Conscious that we were under surveillance by the curious, we avoided talking about the smoke weaver, the intruding werewolves, or Wulfe. Instead we discussed Jesse’s plans for school and whether she should get an apartment near the campus in Richland, which would give her some independence and a lot less daily travel time.
“Larry’s people,” said Adam, meaning the goblins, “would probably keep a close watch on her and alert us if there are any problems—as long as we pay them.”
“We have a number of werewolves who live in Richland near the school,” I said. “That way if there was trouble, someone could get to her over there pretty darn quickly. The question is, would Jesse want to do that?”
“Let’s see,” said Adam, and he texted her, his mouth quirked up, knowing that whatever her decision on the matter, Jesse would be excited to consider it.
He liked making Jesse happy. I wanted him to be happy, too.
/> “Have you thought about talking to Bran or Charles about what Elizaveta did?” I asked very quietly so no one else would hear.
This was neither the time nor place for that question, but I was so worried about him. He stopped texting and the small smile left his face. He didn’t look at me. “I called Charles yesterday. I was going to tell you about it last night, but . . .”

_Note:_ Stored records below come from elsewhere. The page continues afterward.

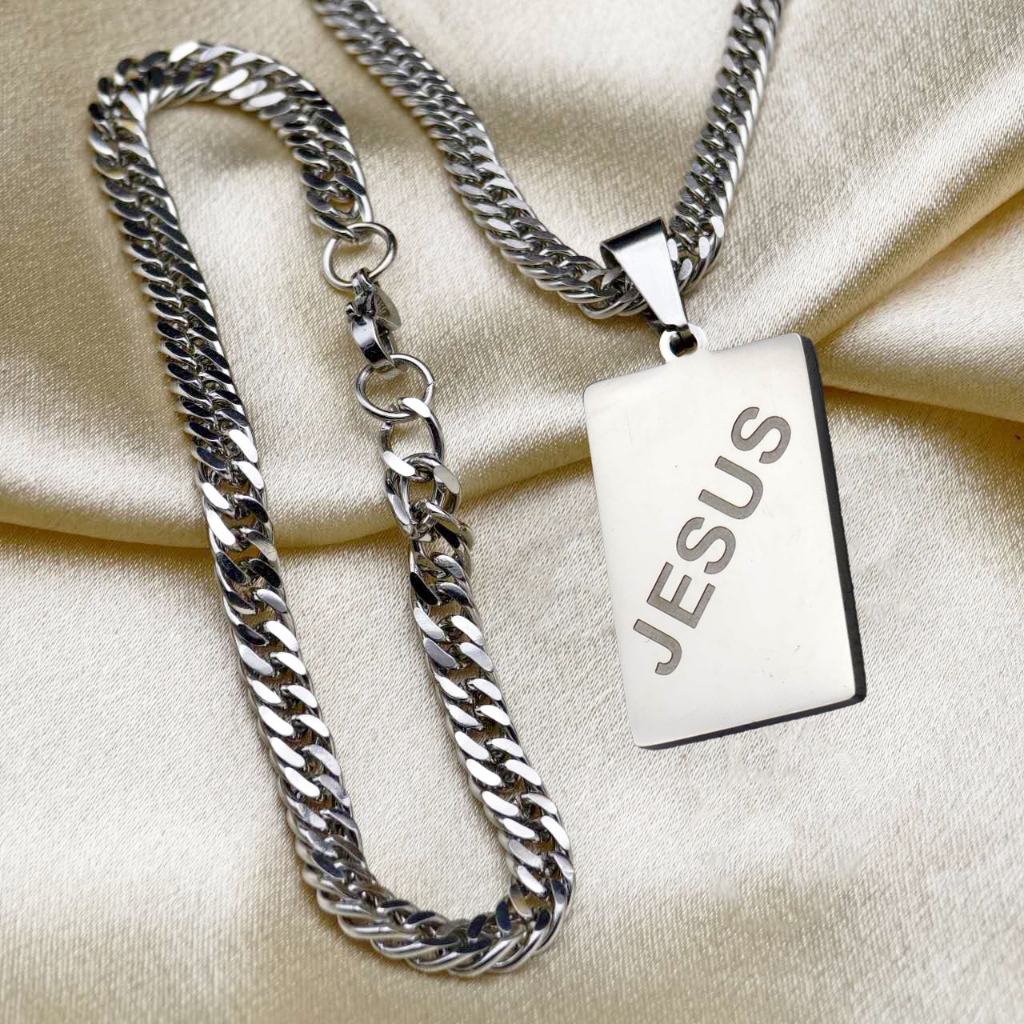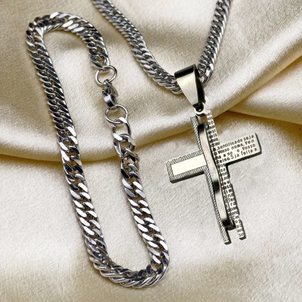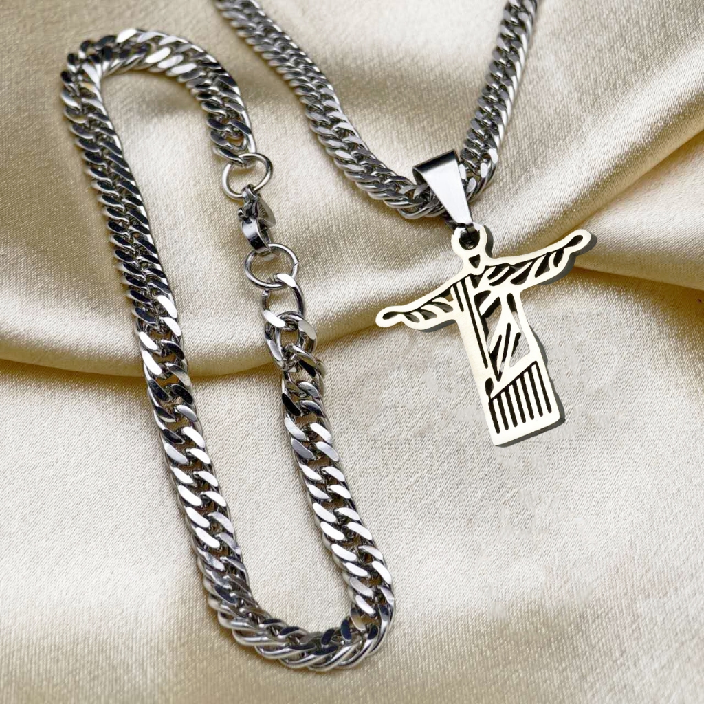 Cordão de Moeda Antiga Elegante Colar-Pulseira em Aço Inoxidável com Pingente de Jesus Banhado com
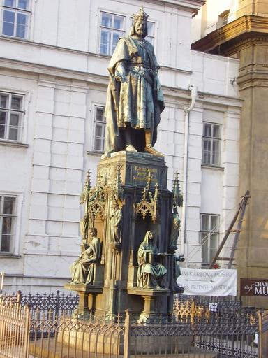 Keywords: P2100100.JPG Socha Karla IV na Křižovnickém náměstí v Praze postavená u příležitosti pětistého výročí založení Karlovy univerzity Sochy žen po obdvodu podstavce symbolizují jednotlivé fakulty teologickou lékařskou artistickou a právnickou Statue of Charles IV Holy Roman Emperor in Křižovnické Square A monument placed nearby Charles Bridge Prague in 1848 to commemorate the 500th anniversary of establishing the University of Prague by Charles IV women statues around the pedestal symbolize faculties of the university It is an iron statue by Arnost Hndel from Dresden Denkmal Kaiser Karls IV in Prag Socha Karla IV Kŕižovnícke nám Praha own Lady Rowena Statue of Charles IV at Křižovnické náměstí |
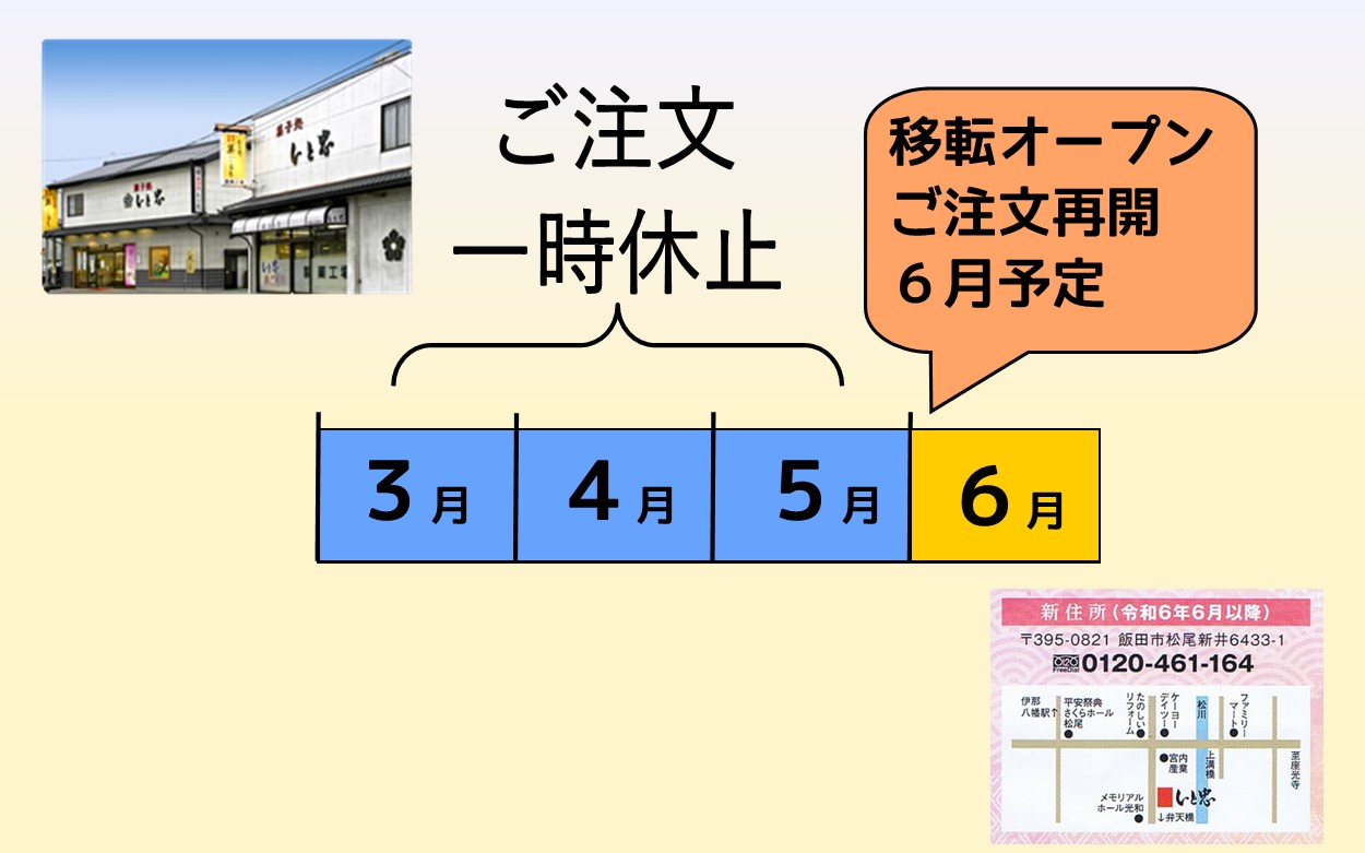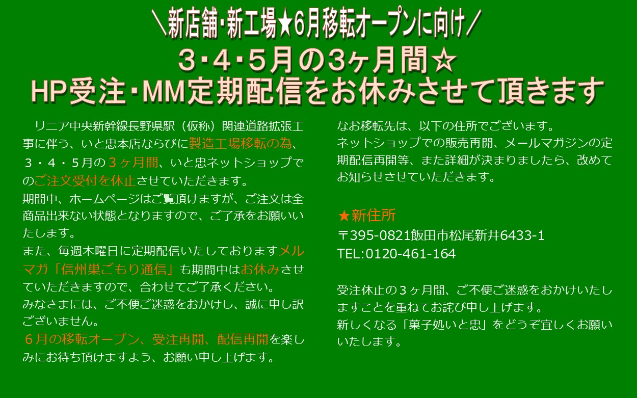 新店舗・新工場6月移転オープンに向け、3・4・5月、ご注文受付休止のお知らせ
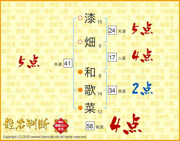 漆(15画)畑(9画) 和(8画)歌(14画)菜(12画)
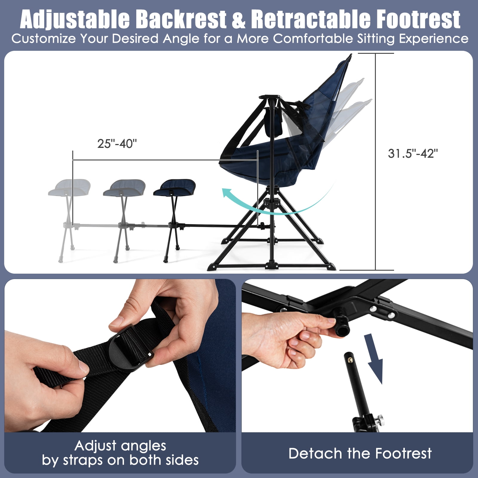 - Adjustable Backrest & Retractable Footrest: The adjustable backrest allows you to customize your desired angle for a more comfortable sitting experience. You are able to adjust back angles by straps on both sides. What’s more, the retractable footrest can be fixed to any position. Also, you can detach the footrest.
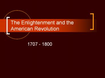 The Enlightenment and the American Revolution PowerPoint PPT Presentation

He smiled ruefully, his eyes carefully on a cormorant on the river. If he’d had good news, he’d have been looking at me.
“Charles,” Adam continued, “told me that witchcrafted spells usually dissipate when the witch dies, which we all know already. Death curses are a lot more difficult to deal with. He’ll look into it and get back to me.”
“Okay,” I said. I’d been hopeful that Charles would know what to do. Tonight I’d call Bran—assuming he was taking my calls again—lay everything on the table, and see what he said. Maybe he’d have more useful advice than “blow up the bond” if he knew what was really going on.
I wasn’t sure I’d tell Adam before I called Bran. Better, maybe, in this case, to ask forgiveness than permission. I was already feeling guilty in advance because of Adam’s weird reaction to the last call I’d made to Bran—and wasn’t that interesting.
Adam had gone back to his texting, so he didn’t see my assessing gaze. Maybe I was only feeling like this was a private, hush-hush matter because Adam was treating it that way. As if getting whammied by a scary and powerful witch was something to be ashamed of. He knew better than that. It must be something the curse was doing to him.
An e-mail came through on my phone. I checked it—it was from Ariana. Short and sweet, it read:
I agree with your conclusions. Bargaining is a thing of rules, especially for the lesser fae, with balance being the most important part. Bargains, properly made, are complicated things. Above all else, a proper bargain is balanced. Each party gets something they want that is of equal value. I save your life—you give me your firstborn child. That is a balance. You give me your bubble gum, I give you my balloon. That is also balanced. Unbalanced bargains have no power—and you need a bargain with power. Good luck, my friend.